Task directions
Write the records out again exactly, but without pictures.

Supplied entries

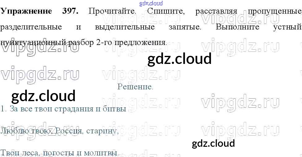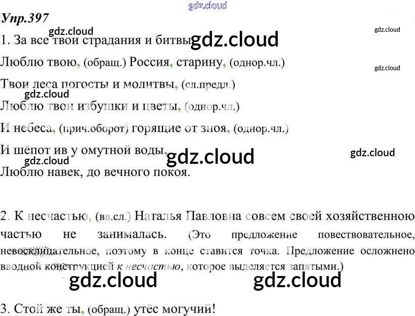 Ответ на задание 397 Учебник Русский язык за 8 (восьмой) класс Тростенцова, Ладыженская, Дейкина, Александрова 2014
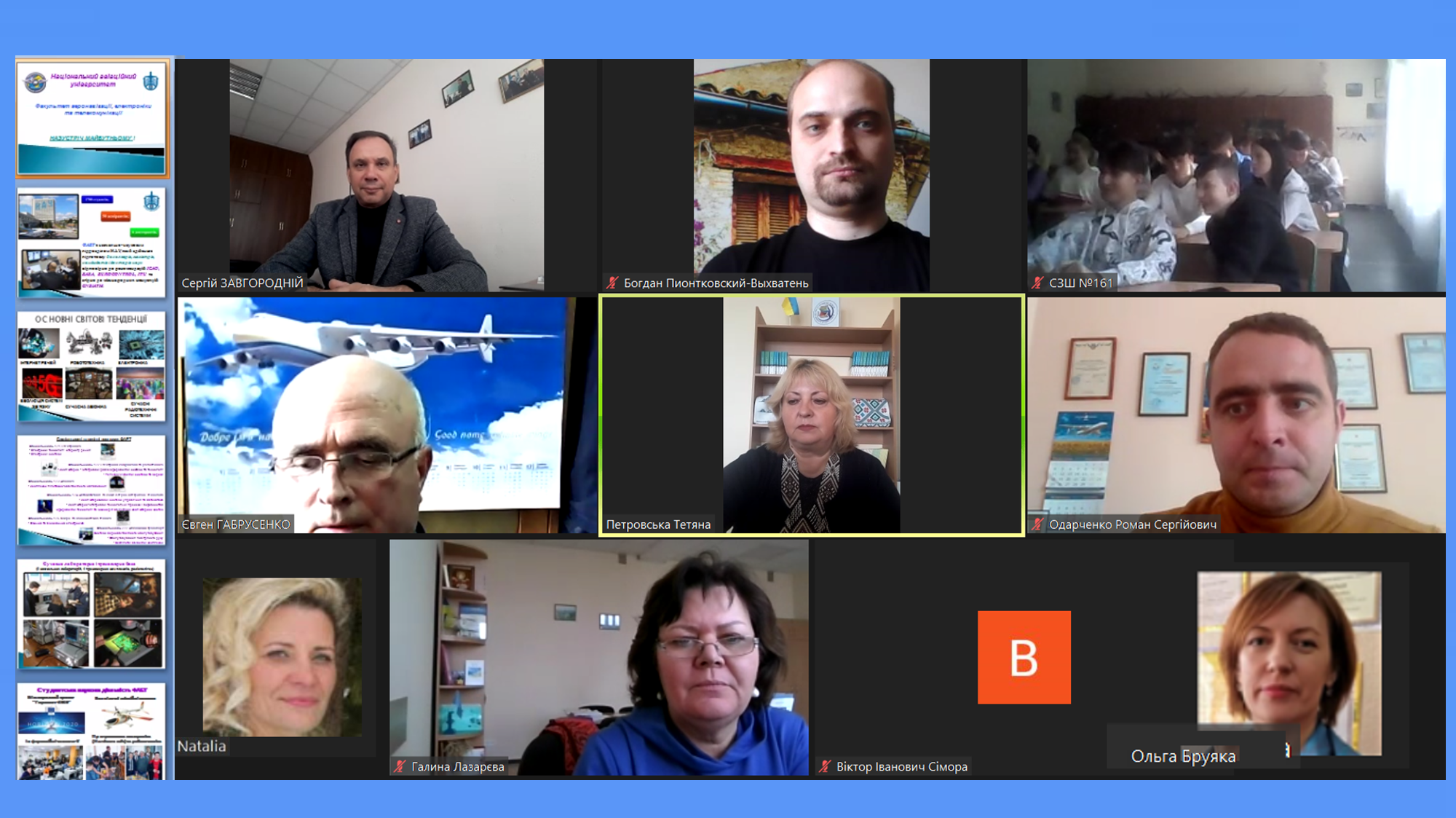19 жовтня 2023 року відбувся профорієнтаційний захід «День професій» з ФАЕТ в онлайн-форматі для майбутніх абітурієнтів. Організатори заходу – Навчально-науковий інститут розвитку освіти (директор Лазарєва Галина, заслужений працівник освіти України) спільно з Факультетом Факультетом аеронавігації, електроніки та телекомунікацій.
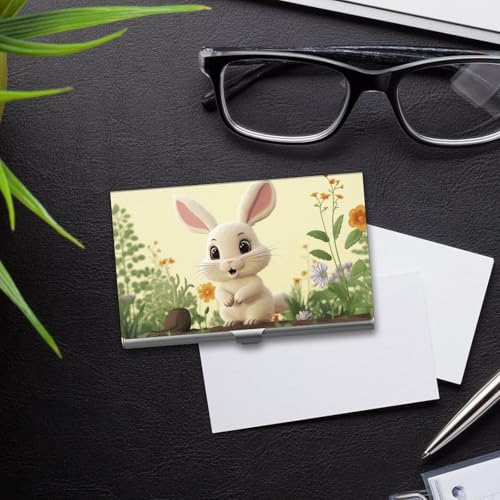 Premium Aluminum Business Card Case Cute Bunny Printed for Men & Women - Slim Metal Credit Card Holder with Polished Silver Gray Finish, Pocket-Sized Name Card Wallet 1
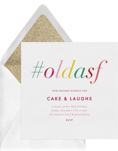 Is the birthday honoree hip and on top of the latest trends? This humorous invite is the perfect way to celebrate their big day without being too serious. Lean into the humor by customizing the phrasing with something like, “Join the birthday girl in honor of her 29,200 days on Earth!”
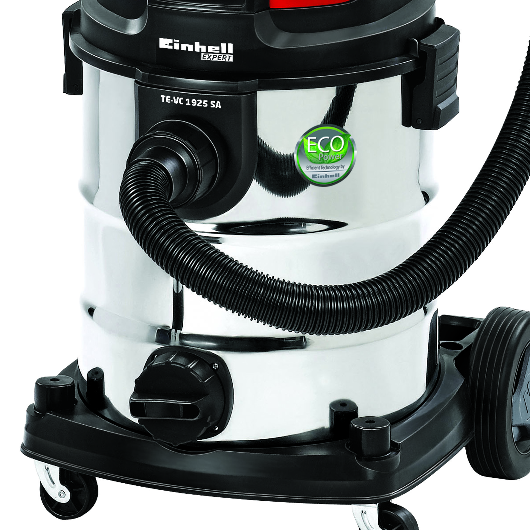 All’interno della gamma a cavo di aspiratori di Einhell è presente il bidone aspiratutto TE-VC 1925 SA, un aspiratore con sistema Eco-Power, che assieme al motore Bi-turbo garantisce il silenzio e il consumo del 50% in meno dell’energia elettrica. Il sistema a 2 vie per l’aria di scarico e l’aria di raffreddamento riducono lo stress sul motore, rendendo l’aspirapolvere una soluzione ideale sia per i materiali solidi sia per quelli liquidi. Il modello viene fornito con un tubo flessibile di aspirazione da 3 metri, un braccio telescopico di aspirazione in acciaio inox, ugelli adatti a diversi usi ed è dotato di presa elettroutensile. Le rotelle garantiscono un rapido spostamento.
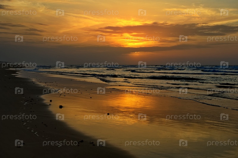 Западная Африка. Сенегал. Живописный малиновый закат на берегу Атлантического океана
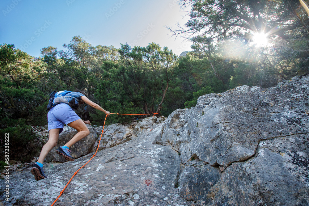 foto panoramica di una costa della Sardegna mentre un escursionista compie una" ferrata" nella parete rocciosa
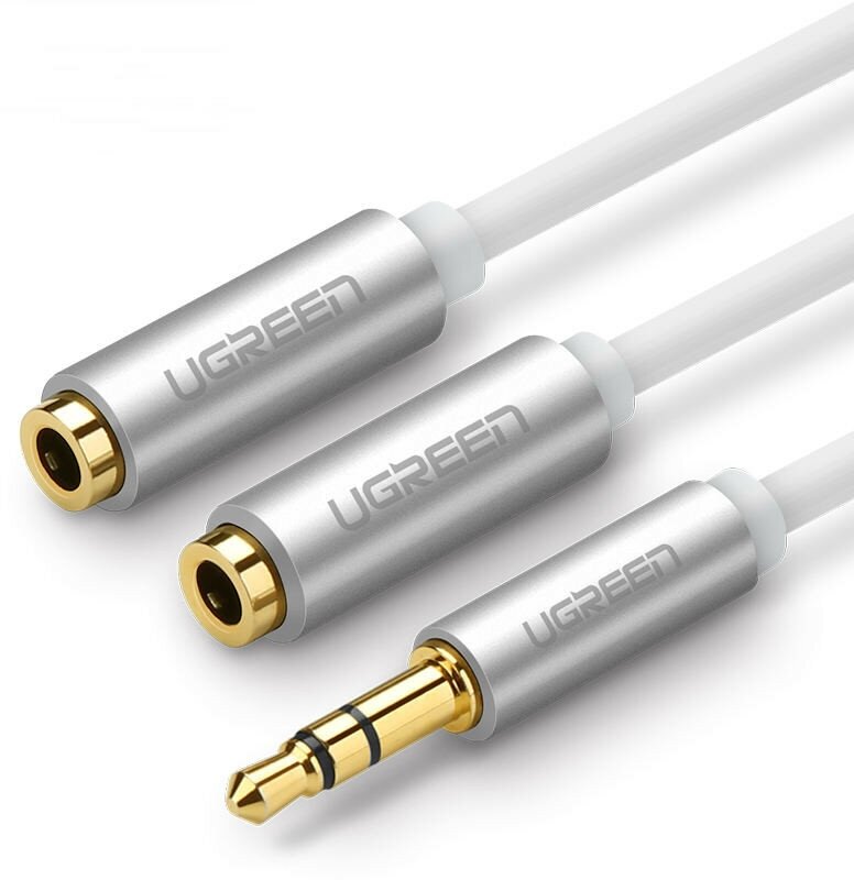 Ugreen 10780 Разветвитель портов аудио 3,5мм UGREEN AV123 (male - 2 female), цвет- белый
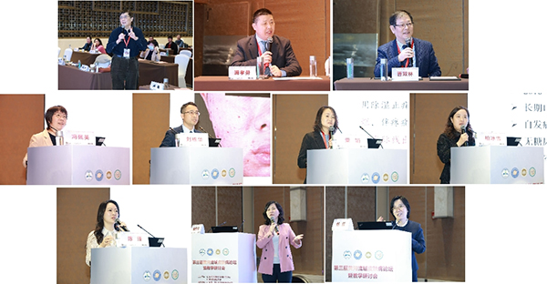 疑难危重病例专场上,中山大学附属第三医院皮肤与整形美容科主任冯佩英、广西医科大学第一附属医院皮肤性病科副主任刘栋华、中南大学湘雅医院皮肤科副主任粟娟、哈尔滨医科大学附属第二医院皮肤性病科主任柏冰雪、重庆医科大学皮肤科副主任陈瑾、省立医院皮肤科主任党宁宁、附属皮肤病医院党委书记刘红等分别作《当狼出现长期发热,原因何在?》《种痘样水疱病样T淋巴细胞增生性疾病》《皮肤脓疱伴腹腔积脓1例》《一例特殊疾病引发的思考》《Rosai-Dorfman病的激光治疗》《全身红皮伴腹泻一例》《兜兜转转,原来是你》病例汇报。上海交通大学医学院附属瑞金医院郑捷、浙江大学医学院附属第二医院皮肤科主任满孝勇、南通大学附属医院皮肤科主任曹双林等专家主持。

Output below
 Ответ на задание 397 Учебник Русский язык за 8 (восьмой) класс Тростенцова, Ладыженская, Дейкина, Александрова 2014
19 жовтня 2023 року відбувся профорієнтаційний захід «День професій» з ФАЕТ в онлайн-форматі для майбутніх абітурієнтів. Організатори заходу – Навчально-науковий інститут розвитку освіти (директор Лазарєва Галина, заслужений працівник освіти України) спільно з Факультетом Факультетом аеронавігації, електроніки та телекомунікацій.
 Premium Aluminum Business Card Case Cute Bunny Printed for Men & Women - Slim Metal Credit Card Holder with Polished Silver Gray Finish, Pocket-Sized Name Card Wallet 1
 Is the birthday honoree hip and on top of the latest trends? This humorous invite is the perfect way to celebrate their big day without being too serious. Lean into the humor by customizing the phrasing with something like, “Join the birthday girl in honor of her 29,200 days on Earth!”
 All’interno della gamma a cavo di aspiratori di Einhell è presente il bidone aspiratutto TE-VC 1925 SA, un aspiratore con sistema Eco-Power, che assieme al motore Bi-turbo garantisce il silenzio e il consumo del 50% in meno dell’energia elettrica. Il sistema a 2 vie per l’aria di scarico e l’aria di raffreddamento riducono lo stress sul motore, rendendo l’aspirapolvere una soluzione ideale sia per i materiali solidi sia per quelli liquidi. Il modello viene fornito con un tubo flessibile di aspirazione da 3 metri, un braccio telescopico di aspirazione in acciaio inox, ugelli adatti a diversi usi ed è dotato di presa elettroutensile. Le rotelle garantiscono un rapido spostamento.
 Западная Африка. Сенегал. Живописный малиновый закат на берегу Атлантического океана
 foto panoramica di una costa della Sardegna mentre un escursionista compie una" ferrata" nella parete rocciosa
 Ugreen 10780 Разветвитель портов аудио 3,5мм UGREEN AV123 (male - 2 female), цвет- белый
 疑难危重病例专场上,中山大学附属第三医院皮肤与整形美容科主任冯佩英、广西医科大学第一附属医院皮肤性病科副主任刘栋华、中南大学湘雅医院皮肤科副主任粟娟、哈尔滨医科大学附属第二医院皮肤性病科主任柏冰雪、重庆医科大学皮肤科副主任陈瑾、省立医院皮肤科主任党宁宁、附属皮肤病医院党委书记刘红等分别作《当狼出现长期发热,原因何在?》《种痘样水疱病样T淋巴细胞增生性疾病》《皮肤脓疱伴腹腔积脓1例》《一例特殊疾病引发的思考》《Rosai-Dorfman病的激光治疗》《全身红皮伴腹泻一例》《兜兜转转,原来是你》病例汇报。上海交通大学医学院附属瑞金医院郑捷、浙江大学医学院附属第二医院皮肤科主任满孝勇、南通大学附属医院皮肤科主任曹双林等专家主持。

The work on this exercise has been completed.